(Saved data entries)
════
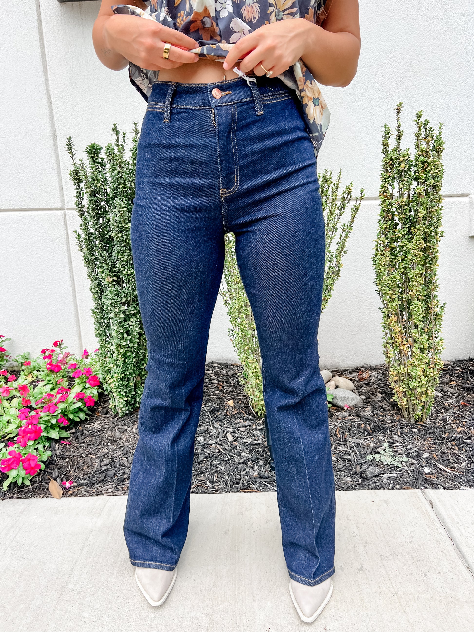 Step out with confidence in the Daze Flare jeans—featuring a flattering high waist and a dark denim flare that adds a touch of retro charm. Perfect for dancing through your day or turning heads at your next outing, these jeans combine comfort and style with a playful twist. Elevate your wardrobe effortlessly!
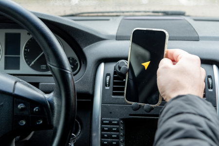 Man using mobile phone for gps tracking in car trip, close up of man using everyday technology
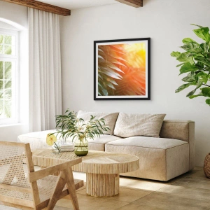 - Cette affiche représente des feuilles de palmier illuminées par la douce lumière du soleil couchant. Le jeu subtil de couleurs et le motif naturel apportent harmonie et sérénité à tout intérieur.
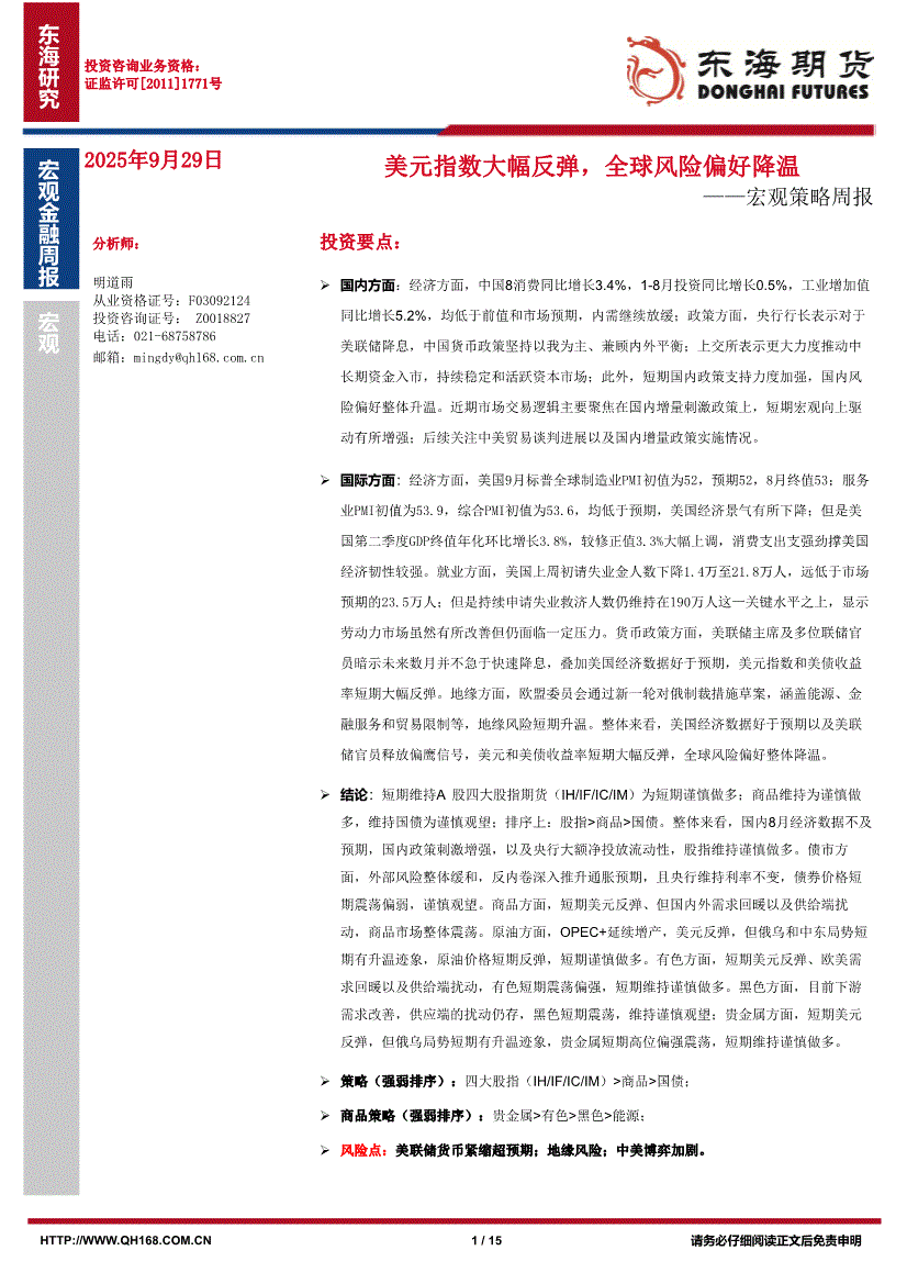 东海期货-宏观策略周报:美元指数大幅反弹,全球风险偏好降温-250929
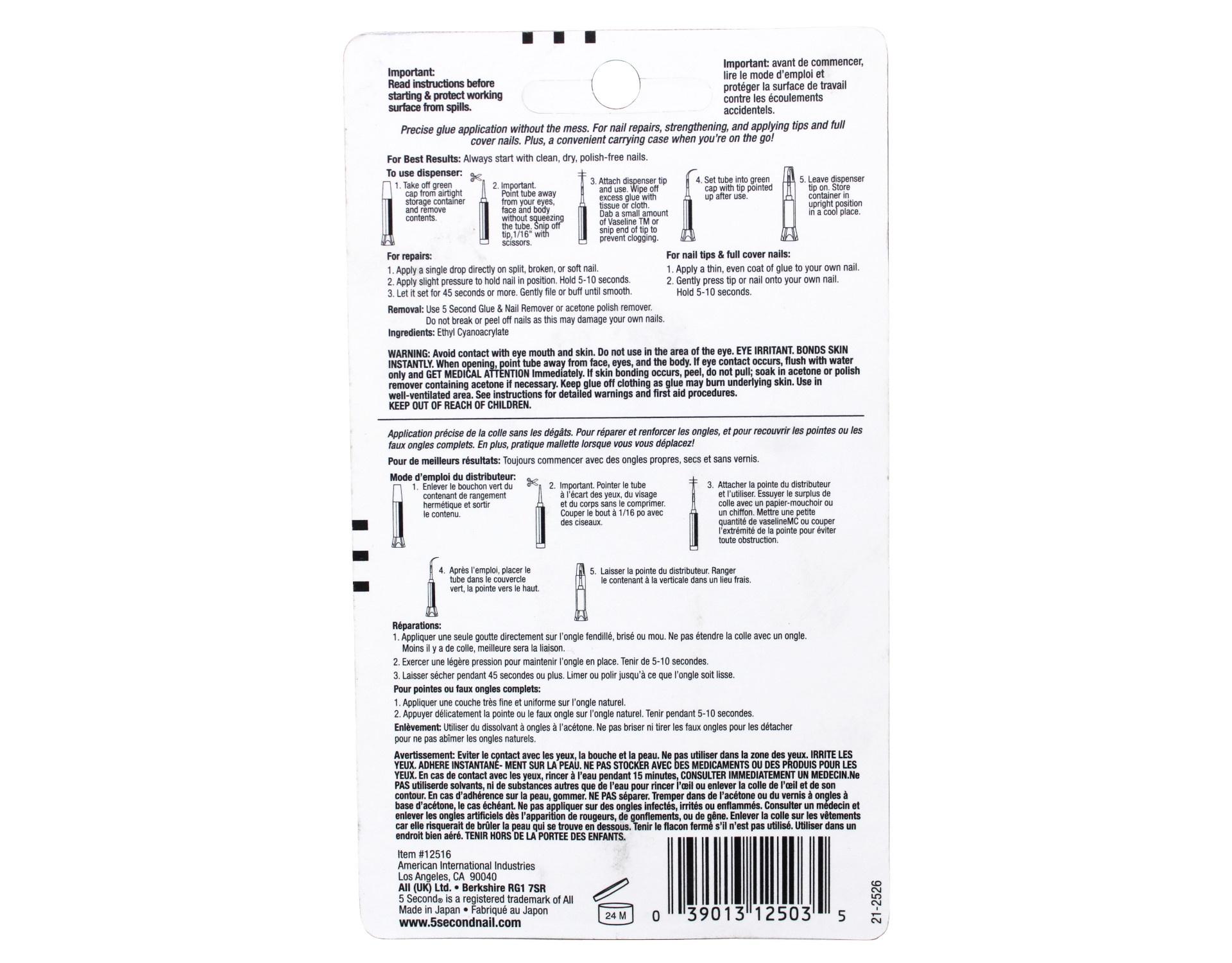 #1 seller of nail gluePrecise glue application without the mess. For nail repairs, strengthening, and applying tips and full cover nails. Plus, a convenient carrying case when you're on the go!Salon Nail GluePinpoint applicator controls one drop at a time.Gentle & Hypo-allergenic Instantly repairs & strengthens natural nail For all artificial nails & nail tipsMade in JapanWarningsEye and skin irritant. Bonds skin instantly.Contains Ethyl Cyanoacrylate. Avoid contact with skin and eyes. If eye or mouth contact occurs, hold eyelid or mouth open and rinse thoroughly but gently with water for 15 minutes and seek medical attention. Liquid glue will sting eye temporarily. Solidified glue may irritate eyelike a grain of sand and should be treated by an eye doctor. If skin burning occurs, soak in acetone-based nail polish remover or warm soapy water and carefully peel or roll skin apart (do not pull). Contact through clothing may cause skin burns. If spilled on clothing, flush with cold water. Avoid prolonged breathing of vapors. Use with adequate ventilation.Keep out of reach of children.American International Industries 5 Second Nail Salon Nail Glue, 0.07 Oz
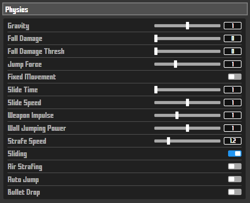 Added in update 1.1.2. A slider turned on by default, the "sliding" setting allows you to disable/enable sliding in your custom game. At first glance it seems like a relatively useless mechanic, but this setting is actually very useful when hosting a Parkour map. This is because in parkour maps crouching in midair is the usual way to slow down in midair and steady yourself to land on platforms, but if you are still crouching when you land on a platform, you will slide which may cause you to slide off platforms. Turning sliding off will make it much easier to control your jumps.
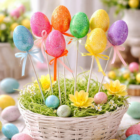 Add a festive touch to your displays with Easter 8 Egg Pick Decorations. This set includes eight decorative egg picks, perfect for enhancing floral arrangements, table centrepieces, gift baskets, or Easter-themed crafts. Lightweight and easy to place, they bring colour and seasonal charm to any celebration. A simple and cheerful way to brighten up your Easter décor.
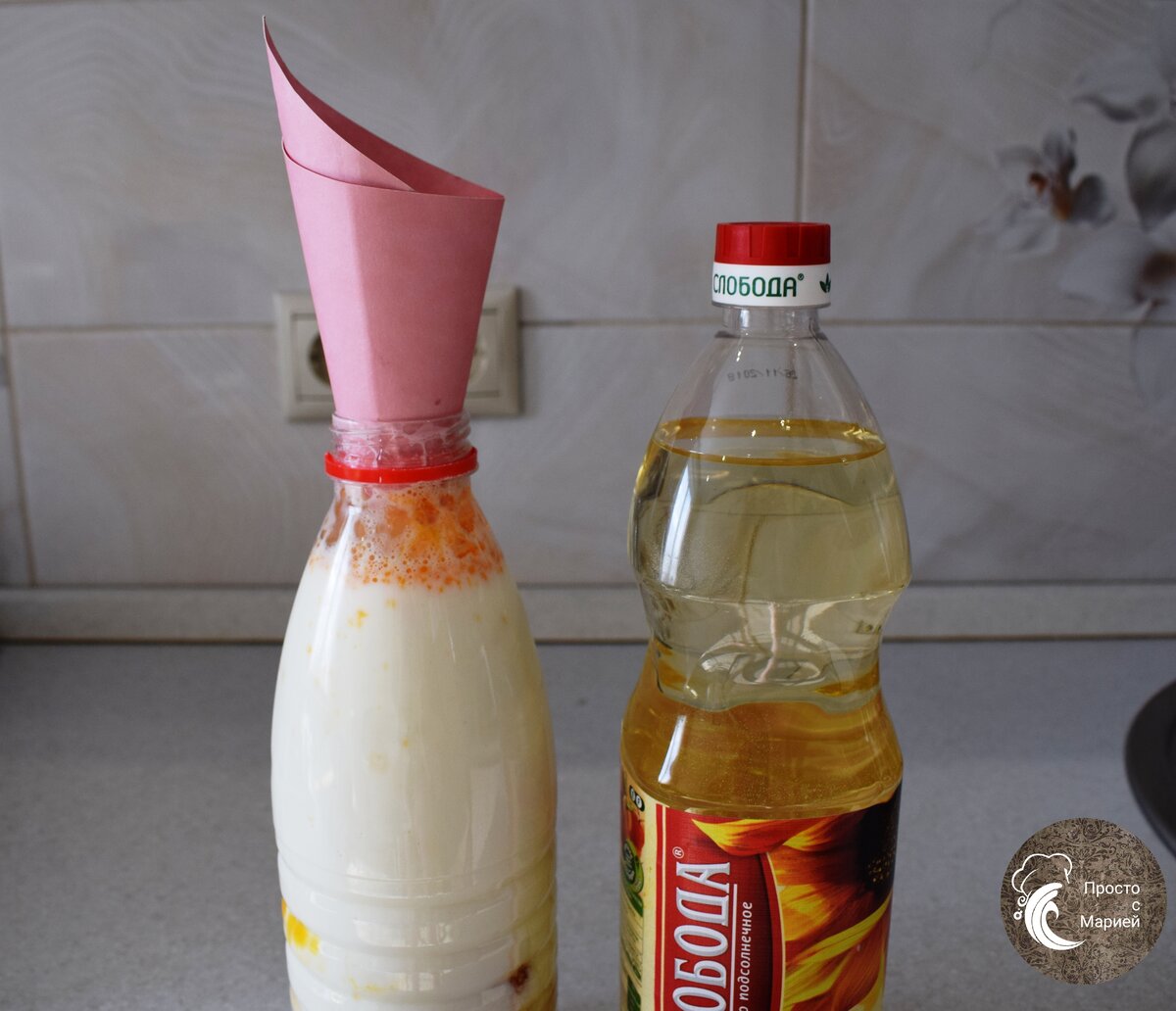 Теперь самое интересное. Возьмите чистую сухую пластиковую бутылку (например, из-под воды) и с помощью кухонной воронки сначала засыпьте в нее все сухие ингредиенты (муку, соль, сахар), а затем добавьте жидкие: взбитые вилкой яйца, молоко и масло.
════
Give a verbatim transcription of the entries, leaving out the pictures.

 Step out with confidence in the Daze Flare jeans—featuring a flattering high waist and a dark denim flare that adds a touch of retro charm. Perfect for dancing through your day or turning heads at your next outing, these jeans combine comfort and style with a playful twist. Elevate your wardrobe effortlessly!
 Man using mobile phone for gps tracking in car trip, close up of man using everyday technology
 - Cette affiche représente des feuilles de palmier illuminées par la douce lumière du soleil couchant. Le jeu subtil de couleurs et le motif naturel apportent harmonie et sérénité à tout intérieur.
 东海期货-宏观策略周报:美元指数大幅反弹,全球风险偏好降温-250929
 #1 seller of nail gluePrecise glue application without the mess. For nail repairs, strengthening, and applying tips and full cover nails. Plus, a convenient carrying case when you're on the go!Salon Nail GluePinpoint applicator controls one drop at a time.Gentle & Hypo-allergenic Instantly repairs & strengthens natural nail For all artificial nails & nail tipsMade in JapanWarningsEye and skin irritant. Bonds skin instantly.Contains Ethyl Cyanoacrylate. Avoid contact with skin and eyes. If eye or mouth contact occurs, hold eyelid or mouth open and rinse thoroughly but gently with water for 15 minutes and seek medical attention. Liquid glue will sting eye temporarily. Solidified glue may irritate eyelike a grain of sand and should be treated by an eye doctor. If skin burning occurs, soak in acetone-based nail polish remover or warm soapy water and carefully peel or roll skin apart (do not pull). Contact through clothing may cause skin burns. If spilled on clothing, flush with cold water. Avoid prolonged breathing of vapors. Use with adequate ventilation.Keep out of reach of children.American International Industries 5 Second Nail Salon Nail Glue, 0.07 Oz
 Added in update 1.1.2. A slider turned on by default, the "sliding" setting allows you to disable/enable sliding in your custom game. At first glance it seems like a relatively useless mechanic, but this setting is actually very useful when hosting a Parkour map. This is because in parkour maps crouching in midair is the usual way to slow down in midair and steady yourself to land on platforms, but if you are still crouching when you land on a platform, you will slide which may cause you to slide off platforms. Turning sliding off will make it much easier to control your jumps.
 Add a festive touch to your displays with Easter 8 Egg Pick Decorations. This set includes eight decorative egg picks, perfect for enhancing floral arrangements, table centrepieces, gift baskets, or Easter-themed crafts. Lightweight and easy to place, they bring colour and seasonal charm to any celebration. A simple and cheerful way to brighten up your Easter décor.
 Теперь самое интересное. Возьмите чистую сухую пластиковую бутылку (например, из-под воды) и с помощью кухонной воронки сначала засыпьте в нее все сухие ингредиенты (муку, соль, сахар), а затем добавьте жидкие: взбитые вилкой яйца, молоко и масло.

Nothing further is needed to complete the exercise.